Best Buy Co. Inc. is a multinational consumer electronics retailer headquartered in Richfield, Minnesota. The company was founded by Richard M. Schulze and James Wheeler in 1966 as an audio specialty store called Sound of Music. In 1983, with seven stores and $10 million in annual sales, Sound of Music was renamed Best Buy Company. By 2003, Best Buy was operating more than 600 stores in the US and opened its first global-sourcing office in Shanghai in 2003.
Best Buy also launched its Reward Zone loyalty program in 2003. The launch followed a successful eight-month pilot scheme in southern California during the previous year. The hallmark of the original program design was an annual membership fee, as members paid US$9.99 per year for the right to participate and earn 100 reward points for each US$1 spent. The annual fee was partially offset by a 5,000 point enrollment bonus. The program effectively offered a 4 percent rebate as reaching a 12,500 balance triggered a US$5 award certificate, applicable to any Best Buy purchase over US$10. Reward certificates were automatically issued.

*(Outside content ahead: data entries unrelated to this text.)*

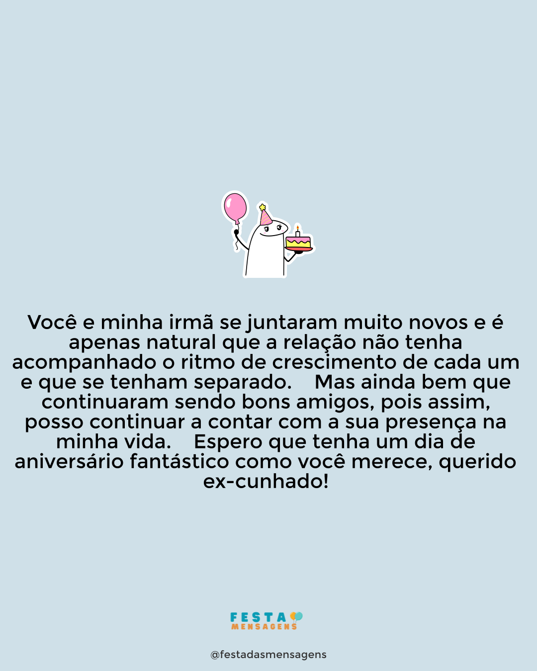 Parabéns, cunhado! Acho que nunca lhe disse isso, mas você foi uma grande aquisição para a nossa família. Os meus pais têm um orgulho em você, como se fosse filho deles. Os meus filhos te adoram, você é o tio mais legal que eles poderiam ter tido. E seus filhos olham para você com tanto respeito e admiração, como se você fosse um super-herói. A minha irmã venera você e todos podemos ver que você a ama muito. Já eu, considero você meu irmão. Você é quase perfeito, mas poderia mudar num pequeno aspeto, você podia ser um pouco menos chatinho. Feliz aniversário para o cunhadinho chatinho que é quase perfeito!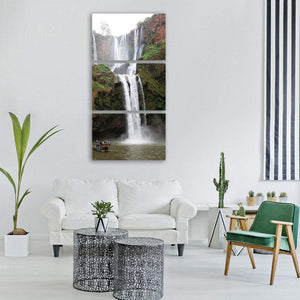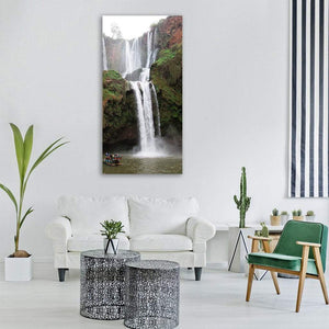 A photorealistic waterfall scene in Morocco, showing people on a boat with the motion of water suggested by shutter speed. The vertical composition and rule-of-thirds framing create slight depth and a serene, adventurous mood. Works well in modern living rooms or nature-inspired spaces.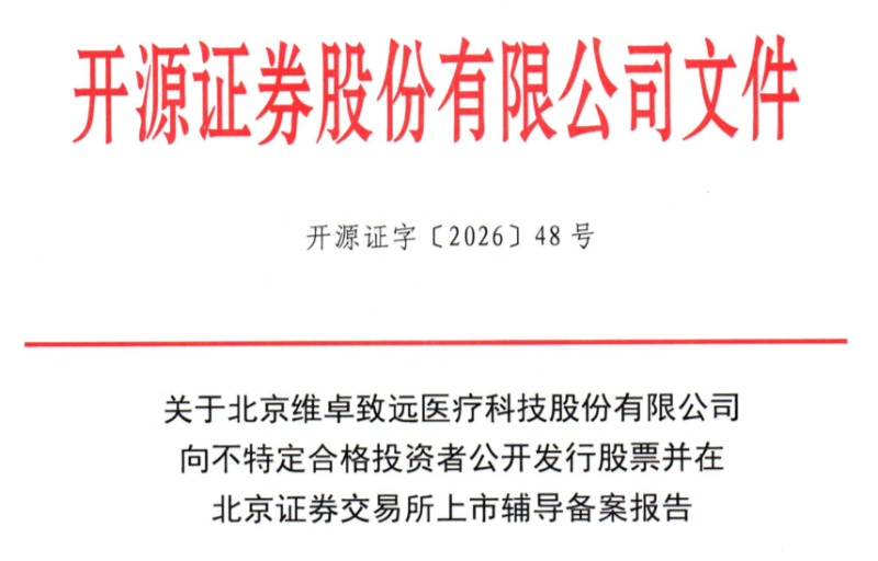 近日,北京维卓致远医疗科技股份有限公司(以下简称:维卓致远)在北京证监局完成IPO辅导备案,拟北交所上市,辅导机构开源证券。

In 2006, Best Buy announced the launch of a ‘Best Buy Reward Zone Program MasterCard’ credit card, issued by HSBC North America. At that moment, the annual membership fee was removed, offering free access to the programme for everyone. According to Barry Judge, Best Buy’s senior vice president of marketing at the time, “Customers told us that they wanted a rewards program that was free. They were also looking to accelerate their reward potential. The changes we have made to the Reward Zone programme directly address those requests.” The new credit card provides automatic enrollment in Reward Zone and purchases made using the card earn 4% on Best Buy purchases and up to 2% on purchases made elsewhere.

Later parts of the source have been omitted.